在DAG划分Stage示意图中:RDD G的getOrCreateParentStages会调用 getShuffleDependencies 获得RDD G 所有直接宽依赖集合 HashSet(ShuffleDependency(RDD F),ShuffleDependency(RDD A)) ,这里是RDD F和RDD A的宽依赖集合, 然后遍历集合,对(ShuffleDependency(RDD F),ShuffleDependency(RDD A))分别调用 getOrCreateShuffleMapStage。
l 对ShuffleDependency(RDD A) 调用 getOrCreateShuffleMapStage, getOrCreateShuffleMapStage中根据shuffleDep.shuffleId模式匹配调用getMissingAncestorShuffleDependencies,返回为空;对ShuffleDependency(RDD A)调用createShuffleMapStage, RDD A已无父Stage,因此创建Stage1。
l 对ShuffleDependency(RDD F) 调用 getOrCreateShuffleMapStage, getOrCreateShuffleMapStage中根据shuffleDep.shuffleId模式匹配调用getMissingAncestorShuffleDependencies,返回为空;对ShuffleDependency(RDD F)调用createShuffleMapStage, RDD F之前的RDD C到RDD D、RDD F;RDD E到RDD F之间都没有Shuffle,没有宽依赖就不会产生Stage。因此RDD F已无父Stage,创建Stage2。
l 最后,把List(Stage1,Stage2) 作为Stage3 的父stages,创建Stage3,Stage3是 ResultStage。

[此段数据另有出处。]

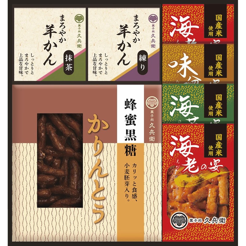 あられ(海老)(12g)×2、羊かん(抹茶・練り)(各60g)・蜂蜜黒糖かりんとう(40g)・あられ(海苔・味噌)(各12g)×各1

回到DAGScheduler.scala的handleJobSubmitted方法,首先通过createResultStage构建了finalStage。
handleJobSubmitted源码如下:
1. private[scheduler]def handleJobSubmitted(jobId: Int,
2. …….
3. finalStage = createResultStage(finalRDD,func, partitions, jobId, callSite)
4. …….
5. val job = new ActiveJob(jobId, finalStage,callSite, listener, properties)
6. …….
7. logInfo("Missing parents: " +getMissingParentStages(finalStage))
8. ……
9. submitStage(finalStage)
10. }
handleJobSubmitted方法中的ActiveJob是一个普通的数据结构,保存了当前Job的一些信息:
1. private[spark] class ActiveJob(
2. val jobId: Int,
3. val finalStage: Stage,
4. val callSite: CallSite,
5. val listener: JobListener,
6. val properties: Properties) {
handleJobSubmitted方法日志打印信息:getMissingParentStages(finalStage)),getMissingParentStages根据finalStage找父Stage ,如果有父Stage就直接返回;如果没有父Stage,就进行创建。

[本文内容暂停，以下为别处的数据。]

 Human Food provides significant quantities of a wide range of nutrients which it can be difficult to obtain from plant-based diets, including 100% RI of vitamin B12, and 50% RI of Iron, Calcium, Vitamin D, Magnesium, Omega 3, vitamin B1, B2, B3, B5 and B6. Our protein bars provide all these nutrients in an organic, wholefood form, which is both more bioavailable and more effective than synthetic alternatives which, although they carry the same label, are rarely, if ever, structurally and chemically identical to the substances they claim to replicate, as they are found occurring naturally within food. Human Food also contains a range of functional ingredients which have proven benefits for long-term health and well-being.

handleJobSubmitted方法中submitStage比较重要, submitStage源码如下:
1. private def submitStage(stage: Stage) {
2. val jobId = activeJobForStage(stage)
3. if (jobId.isDefined) {
4. logDebug("submitStage(" + stage+ ")")
5. if (!waitingStages(stage) &&!runningStages(stage) && !failedStages(stage)) {
6. val missing =getMissingParentStages(stage).sortBy(_.id)
7. logDebug("missing: " + missing)
8. if (missing.isEmpty) {
9. logInfo("Submitting " +stage + " (" + stage.rdd + "), which has no missingparents")
10. submitMissingTasks(stage, jobId.get)
11. } else {
12. for (parent <- missing) {
13. submitStage(parent)
14. }
15. waitingStages += stage
16. }
17. }
18. } else {
19. abortStage(stage, "No active job forstage " + stage.id, None)
20. }
21. }
submitStage首先从activeJobForStage中获得JobID;如果jobId已经定义isDefined,那就获得即将计算的Stage(getMissingParentStages),然后进行升序排序。如果父Stage为空,那么提交submitMissingTasks,DAGScheduler把处理的过程交给具体的TaskScheduler去处理。 如果父Stage不为空,将循环递归调用 submitStage(parent),从后往前回溯。后面的Stage依赖于前面的Stage,也就是说只有前面依赖的Stage计算完毕后,后面的Stage才会运行。submitStage一直循环调用,导致的结果是父Stage的父Stage .....一直回溯到最左侧的父Stage开始计算。
Task任务本地性算法实现:
接下来我们看一下submitMissingTasks的源码,关注Stage本身的算法以及任务本地性。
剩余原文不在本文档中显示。